Here's what Hu et al. actually measured. On GPT-3 with 175 billion parameters, LoRA at rank 4 trained only 17.5 million parameters — ten thousand times fewer. GPU memory dropped by 3x. The checkpoint went from 350 gigabytes to 35 megabytes. And the quality on GLUE benchmarks was the same or better than full fine-tuning. That last part is the surprising one. You'd expect a 10,000x reduction in trainable parameters to cost you something. It doesn't — because the weight updates live in that low-rank subspace we talked about. If the update only needs 4 dimensions, giving it 175 billion dimensions is waste, not capacity. And pay attention to that "same inference latency" line — that's why LoRA won over earlier methods like adapters. At deploy time, you compute W-zero plus A times B once, merge it into the base weights, and ship a single model that runs exactly like the original. No extra layers in the forward pass. No added latency. Adapters and prefix tuning couldn't do that — they live in the forward pass forever. You'll see this matter again next week when we benchmark latency: merged LoRA and full fine-tuning are indistinguishable in speed.
Let's do the arithmetic so you can verify it in the lab. ModernBERT's Wqkv layer is 2,304 by 768 — that's the fused query-key-value projection.
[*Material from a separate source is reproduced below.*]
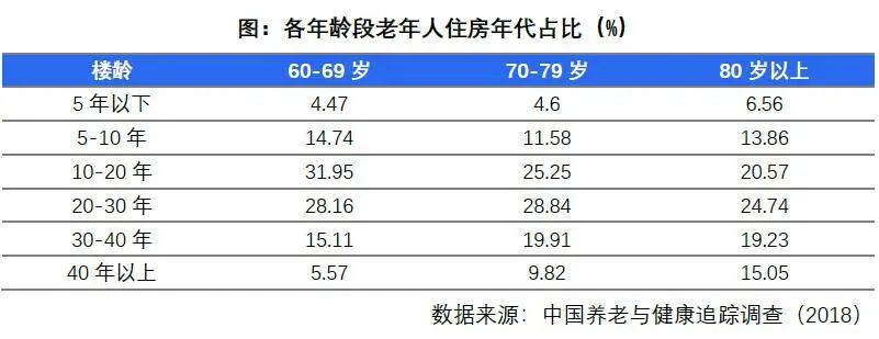 據(jù)估算,中國城市存量住房建成年份在2000年前后的比例約為3:7。報(bào)告指出,2000年以前建成的小區(qū)距今已有20年,在住區(qū)設(shè)計(jì)等方面相對(duì)“先天不足”,除電梯及無障礙通道問題,設(shè)施線路等老化問題也可能導(dǎo)致安全隱患。老舊小區(qū)適老化改造對(duì)提升老年人居住幸福感具有重要意義。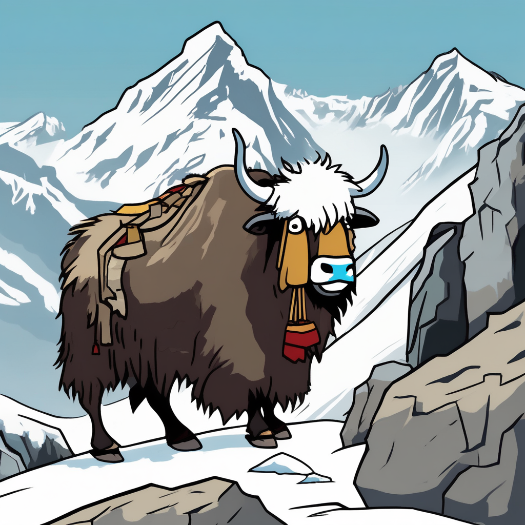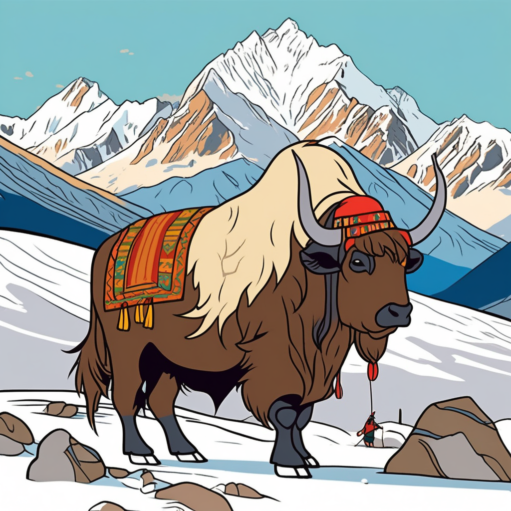 The yak carries its pack on its back!

Nearly 1.8 million parameters per layer. With LoRA at rank 16, you replace the update with two matrices: A is 768 by 16, B is 16 by 2,304. That's about 49,000 parameters — 2.8 percent of the original layer. Each transformer layer actually has four module types you could target — Wqkv for attention, Wo for attention output, Wi and Wo2 for the feed-forward network. They're not all the same size, so the per-layer total varies, but it averages about 150,000 trainable parameters per layer. Across 22 layers plus the classification head, you get roughly 3.5 million trainable parameters — 2.3 percent of the model. You'll verify this in the lab when you see the "Trainable: X / Y" printout after applying LoRA.
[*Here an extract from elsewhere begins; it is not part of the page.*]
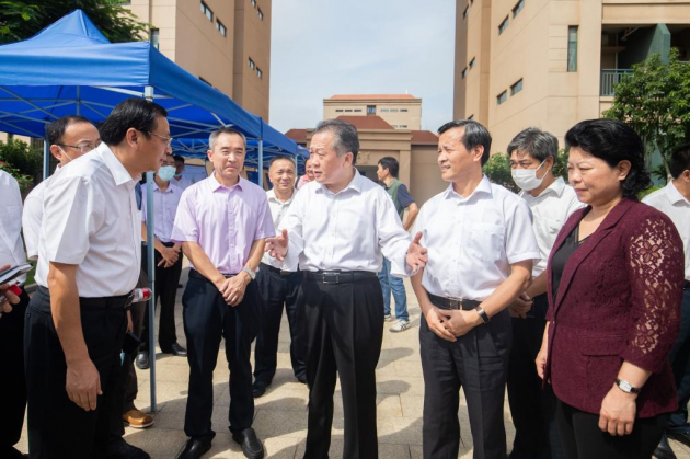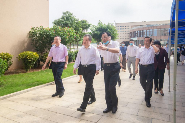 8月27日,广东省委教育工委书记,省教育厅党组书记、厅长景李虎率队莅临广东海洋大学寸金学院新湖校区调研和指导工作。湛江市副市长崔青、市教育局局长李更盛,广东海洋大学党委书记曹俊明、校长潘新祥,寸金教育集团副董事长李巧及该校领导班子陪同调研。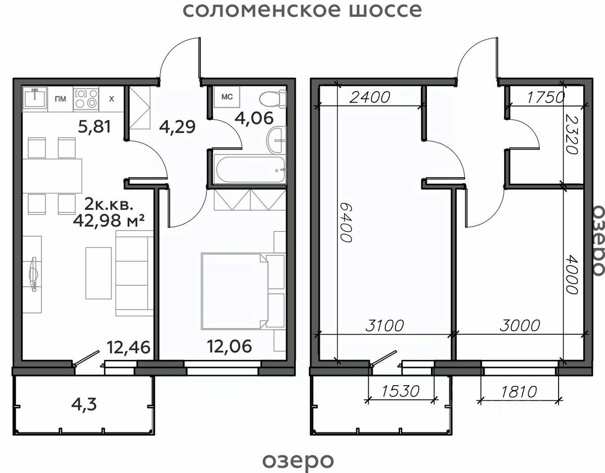 Продаётся 2-комнатная квартира в строящемся доме (Дом 10), срок сдачи: I-кв. 2028, общей площадью 42.98 кв.м., на 3 этаже.

In the lab, you'll configure LoRA yourself. You'll inspect the model's layer names, decide which modules to target, and choose a rank. I'm not going to tell you the answers — you'll see the layers, read about what each one does, and make a decision. The result will be about 3.5 million trainable parameters out of 149 million — roughly 2.3 percent. Then you'll train it and compare to your full fine-tuning results from Week 1. The question you should have in your head: does training 2 percent of the parameters sacrifice quality?
Now the second idea. You've been working with ModernBERT, which is an encoder. But there's another family of models — decoders — and we're about to put one on the same task.
Encoders like ModernBERT are trained to predict masked tokens. The key property: every token can attend to every other token — past and future. This makes them naturally suited for tasks where you need to understand the whole input, like classification. ModernBERT has 149 million parameters and was pretrained on about 2 trillion tokens of English web text. This is what you've been using since Week 1.
Decoders like Qwen are trained to predict the next token. The key difference: each token can only attend to tokens before it — a causal mask. This makes them natural text generators, which is why they power chatbots and code assistants. Qwen 2.5-0.5B has 494 million parameters — about 3.3 times larger than ModernBERT — and was pretrained on roughly 18 trillion tokens of multilingual text. That's 9 times more pretraining data than the encoder. Quick note on model choice: there is a newer Qwen 3 with 0.6 billion parameters, trained on 36 trillion tokens. We tested it. It scored about 0.009 higher on macro F1 — real but small. The problem: it took 108 minutes to train instead of 57. For a homework where you need to run two training jobs plus analysis, doubling the training time isn't worth a marginal quality gain. Engineering trade-offs start here.
The default instinct in NLP is still to reach for an encoder when you have a classification task and a decoder when you need to generate text. So why would we use a decoder on a classification task at all? Here's the bet: we're trading inference speed and memory for representation quality, specifically on rare concepts. If that trade-off pays off, we get a better model for the long tail. If it doesn't, we've paid the cost for nothing. That's the question this week asks. Not "are decoders secretly better at classification in general" — but "on this specific task with this specific class distribution, is the pretraining advantage worth the inference cost?" You'll answer that for yourself this afternoon.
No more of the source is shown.